In these experiments one could observe the difference between the silica particles, which are spherical particles of 3–8 μm, and the spherical particles and sticks corresponding to co-precipitated CAP/MNG, which were smaller.

Finally, experiments 7 and 8 were carried on the CAP/Q co-precipitates under the same conditions as experiments 5 and 6 due to the successful results obtained with these conditions. In this case, the increase in the pressure from 90–180 bar avoided the possible complications related to being in subcritical conditions and the CO₂ flow rate was fixed at 30 g/min. The bottom of the vessel was free of co-solvent for both configurations of the SAS process (see Figure 3) and a similar dry “body-mass” as in experiments 5 and 6 was observed. The SEM images (Figure 6) verify the presence of silica particles and CAP/Q co-precipitates. Furthermore, a variation between SAS1 and SAS2 processes was not observed, with stick-shaped particles obtained for both SAS1 and SAS2, usually identified as Q particles [30,31], NPs and MPs corresponding to CAP, and larger spheres corresponding to silica.

In these experiments, the amount of co-precipitate with Q was lower than in experiments 5–6 with MNG, and this change was due to the experimental conditions used, which favored a higher precipitation of MNG than CAP, as described previously [31,34].

In order to confirm the presence of quercetin and mangiferin in the silica co-precipitates, 5 mg of each sample were dissolved in 50 mL of acetone/DMSO for MNG co-precipitates and 50 mL of ethanol for Q co-precipitates (

Table 2. Quantity of antioxidant in 5 mg of sample.
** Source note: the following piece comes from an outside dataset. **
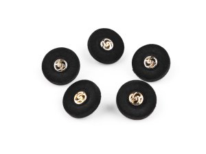 Elegantní knoflíky jsou potažené sametem a v jejich středu je kovová ozdoba.

Exp.	Quantity (mg)	Process	Co-Precipitate
5	1.58 ± 0.05	SAS2	CAP/MNG
6	2.36 ± 0.06	SAS1	CAP/MNG
7	0.302 ± 0.002	SAS1	CAP/Q
8	0.45 ± 0.01	SAS2	CAP/Q

). The contents in these solutions were measured by UV–VIS spectrophotometry at a wavelength of 365 nm using a previously obtained calibration curve.
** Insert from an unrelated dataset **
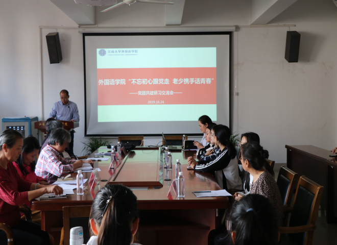 会议伊始,刘伯贤副书记代表学院党委致辞。刘书记说:两支部老党员退休不退岗,在党团共建过程中继续发挥党员余热,点燃青年学子爱国热情,学院党委对共建支部的老党员表示衷心感谢。“本次活动不仅是学院关工委内涵提升的需要,也是为了积极响应习近平总书记在“不忘初心、牢记使命”工作会议上提出守初心,担使命,找差距,抓落实的总体要求。” 最后,刘书记强调:只有理论清醒才有政治坚定,青年学子要将个人思想统一到国家主旋律上。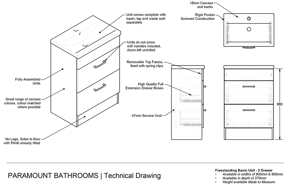 Freestanding Bathroom 2 Drawer Rear Tap Basin Unit - True Rail

It was observed that in experiments 7 and 8—corresponding to the use of quercetin—the concentration was significantly lower than in experiments 5 and 6, where the concentration of mangiferin was six times higher than quercetin for the SAS1 process and three times higher for the SAS2 process. The fact that the amount of MNG was higher than Q is not unexpected since the operating conditions imposed to achieve the “body-mass” are suitable for MNG according to previous studies carried out on CAP/MNG co-precipitation.

3.2. Release Test

The release experiments on both SGF and SIF were performed for experiment 6, which contained mangiferin co-precipitates and experiment 8, which contained quercetin co-precipitates. These two experiments were chosen because the products contained the highest amounts of antioxidant in the analyzed samples (Table 2). The release tests for the deposition of co-precipitates on silica particles were compared with release tests carried out on the antioxidant processed by SAS, co-precipitate CAP/Q and CAP/MNG in a 2:1 ratio and also with raw quercetin and mangiferin.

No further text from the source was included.